• _What is required_
Once the pictures are set aside, transcribe the remaining data exactly.

• _Supplied entries_
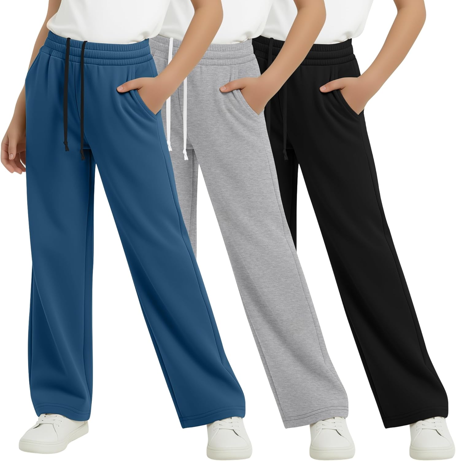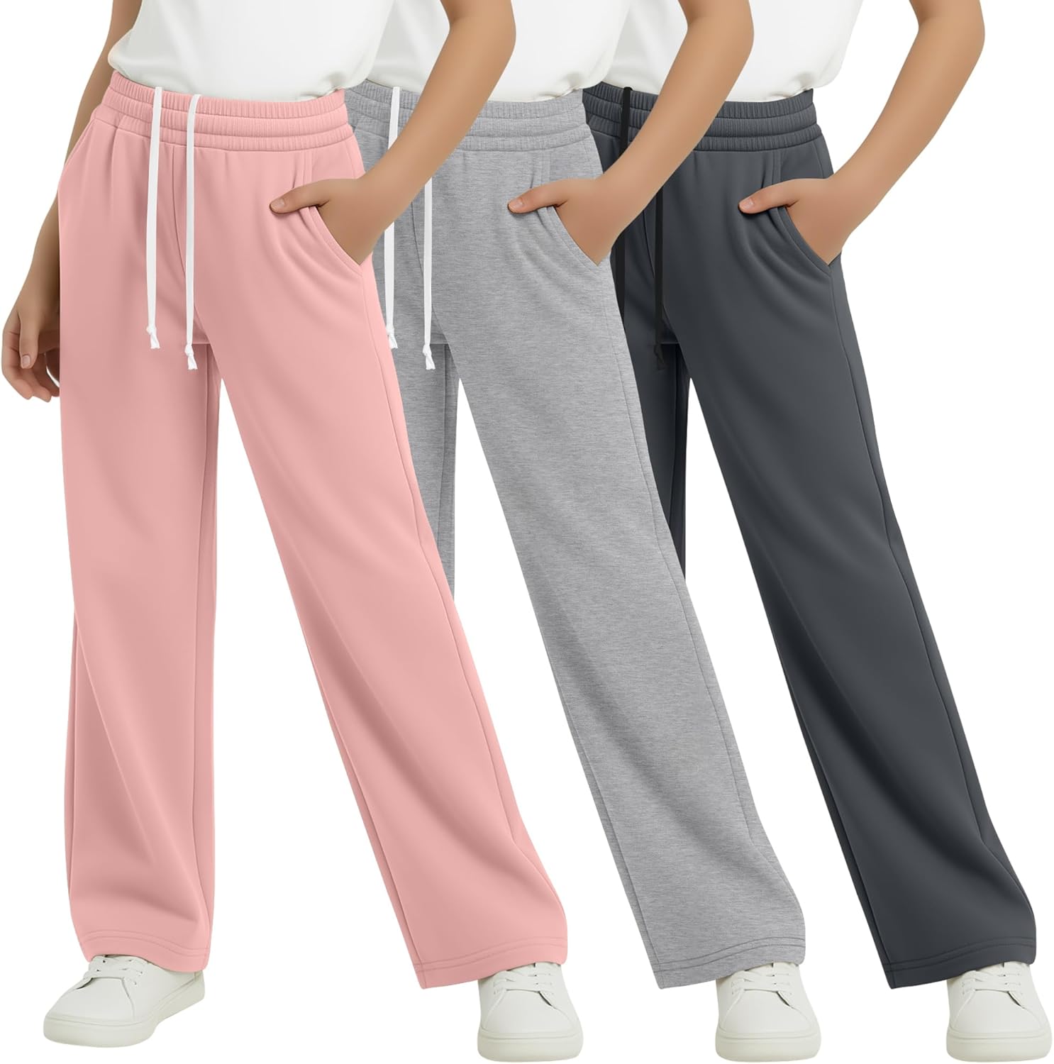 Features: Athletic pants for girls feature practical pockets, making it easy for children to carry various small items, and are available in multiple colors, making them a great gift for children. Juniors girls sweatpants are easy to care for, you can throw them in the washing machine or mobile phone, hang them to dry naturally. Specifications: Material: 95% Polyester, 5% Rayon Package includes: 3 x Girls wide leg sweatpants Notes: Manual measurement, please allow slight errors on size. The color may exist a slight difference due to different screen displays
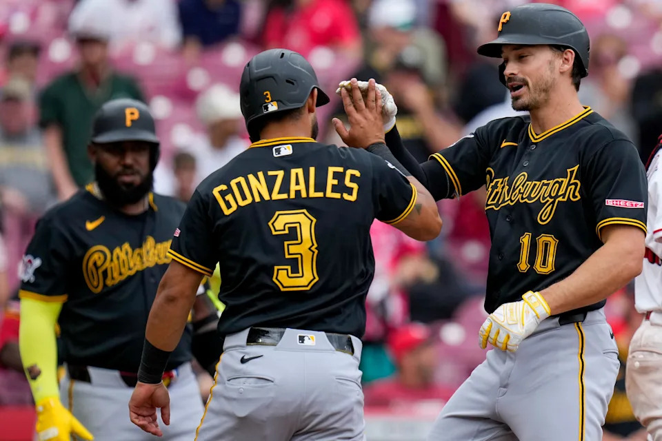 Pittsburgh Pirates right fielder Bryan Reynolds (10) celebrates a two-run home run in the ninth inning of the MLB National League game between the Cincinnati Reds and the Pittsburgh Pirates at Great American Ball Park in downtown Cincinnati on Wednesday, April 1, 2026. The Reds lost 8-3.
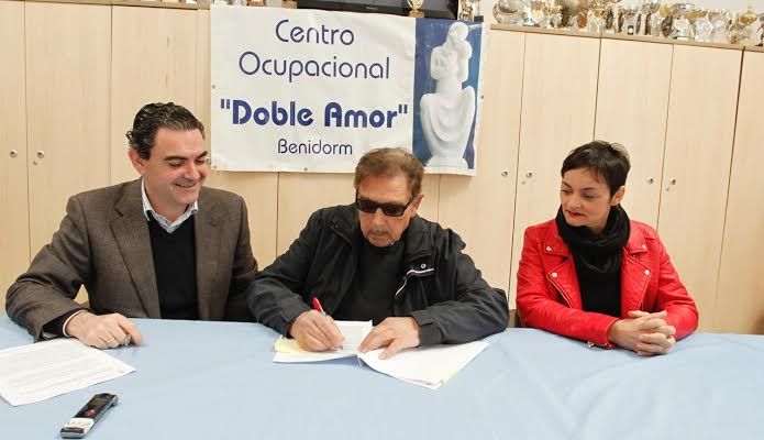 El alcalde de l’Alfàs del Pi, Vicente Arques, y el presidente de la Asociación Doble Amor, Casimiro Vila, han renovado hoy el convenio de colaboración anual que el consistorio alfasino y el centro ocupacional mantienen desde hace años. Son 14.000 euros los que aporta la concejalía de Bienestar Social de l’Alfàs al Centro Doble Amor, asociación que se dedica desde hace más de 40 años al cuidado y formación de personas con discapacidad intelectual de toda la comarca de la Marina Baixa. Actualmente son 53 los usuarios del centro ocupacional, 3 de ellos residen en l’Alfàs del Pi.
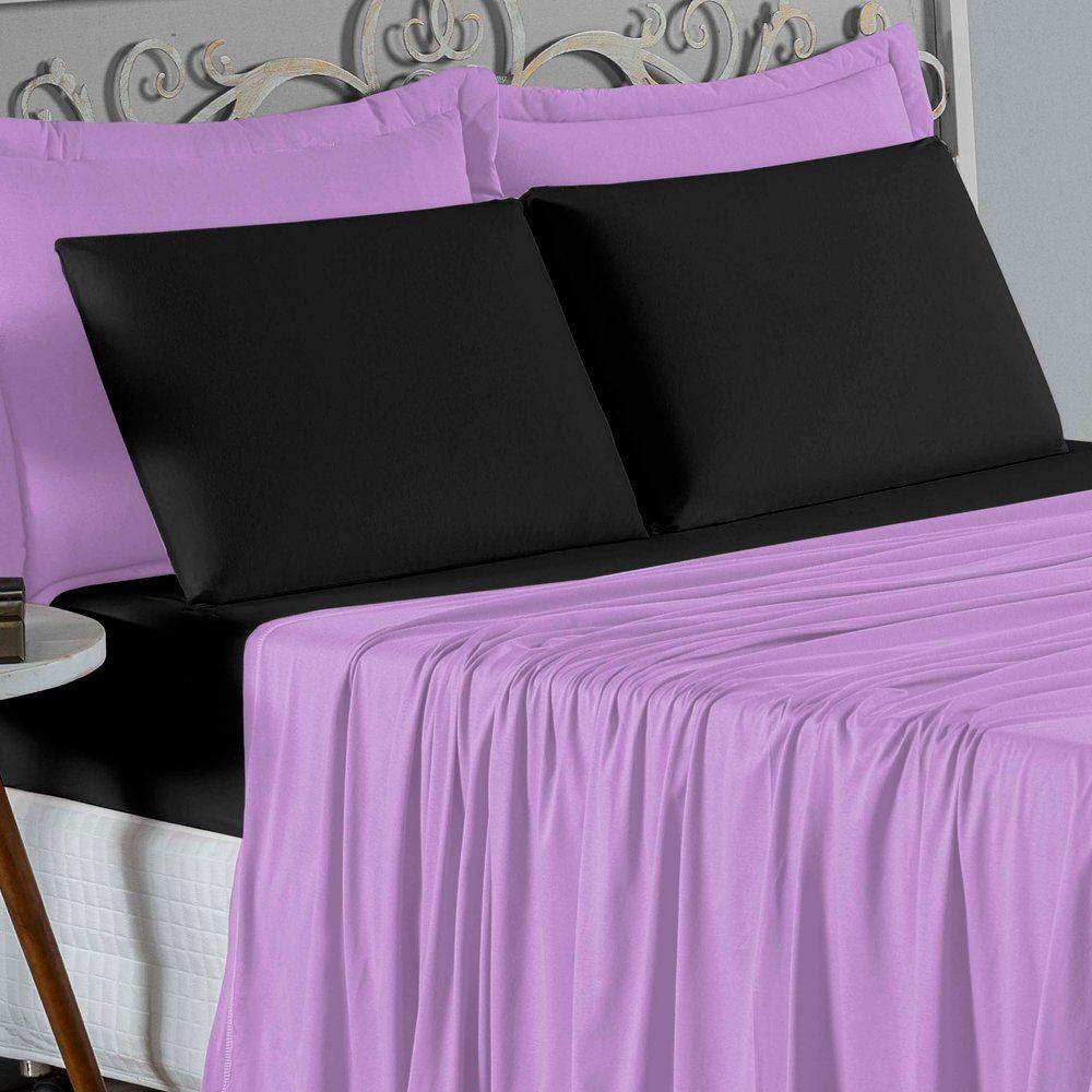 Jogo De Cama Casal Viúva Nobre 4 Peças Malha 100% Algodão - Lilás / Preto
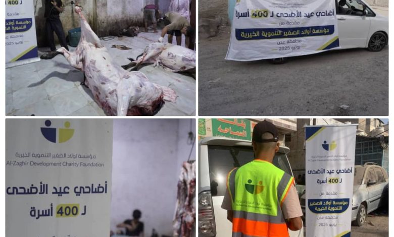 نفذت مؤسسة أولاد الصغير التنموية، في ثاني أيام عيد الأضحى المبارك، مبادرة توزيع لحوم الأضاحي، مستهدفة 400 أسرة في كافة مديريات العاصمة عدن من الفئات الأكثر احتياجًا.

• _Answer to the problem_
 Features: Athletic pants for girls feature practical pockets, making it easy for children to carry various small items, and are available in multiple colors, making them a great gift for children. Juniors girls sweatpants are easy to care for, you can throw them in the washing machine or mobile phone, hang them to dry naturally. Specifications: Material: 95% Polyester, 5% Rayon Package includes: 3 x Girls wide leg sweatpants Notes: Manual measurement, please allow slight errors on size. The color may exist a slight difference due to different screen displays
 Pittsburgh Pirates right fielder Bryan Reynolds (10) celebrates a two-run home run in the ninth inning of the MLB National League game between the Cincinnati Reds and the Pittsburgh Pirates at Great American Ball Park in downtown Cincinnati on Wednesday, April 1, 2026. The Reds lost 8-3.
 El alcalde de l’Alfàs del Pi, Vicente Arques, y el presidente de la Asociación Doble Amor, Casimiro Vila, han renovado hoy el convenio de colaboración anual que el consistorio alfasino y el centro ocupacional mantienen desde hace años. Son 14.000 euros los que aporta la concejalía de Bienestar Social de l’Alfàs al Centro Doble Amor, asociación que se dedica desde hace más de 40 años al cuidado y formación de personas con discapacidad intelectual de toda la comarca de la Marina Baixa. Actualmente son 53 los usuarios del centro ocupacional, 3 de ellos residen en l’Alfàs del Pi.
 Jogo De Cama Casal Viúva Nobre 4 Peças Malha 100% Algodão - Lilás / Preto
 نفذت مؤسسة أولاد الصغير التنموية، في ثاني أيام عيد الأضحى المبارك، مبادرة توزيع لحوم الأضاحي، مستهدفة 400 أسرة في كافة مديريات العاصمة عدن من الفئات الأكثر احتياجًا.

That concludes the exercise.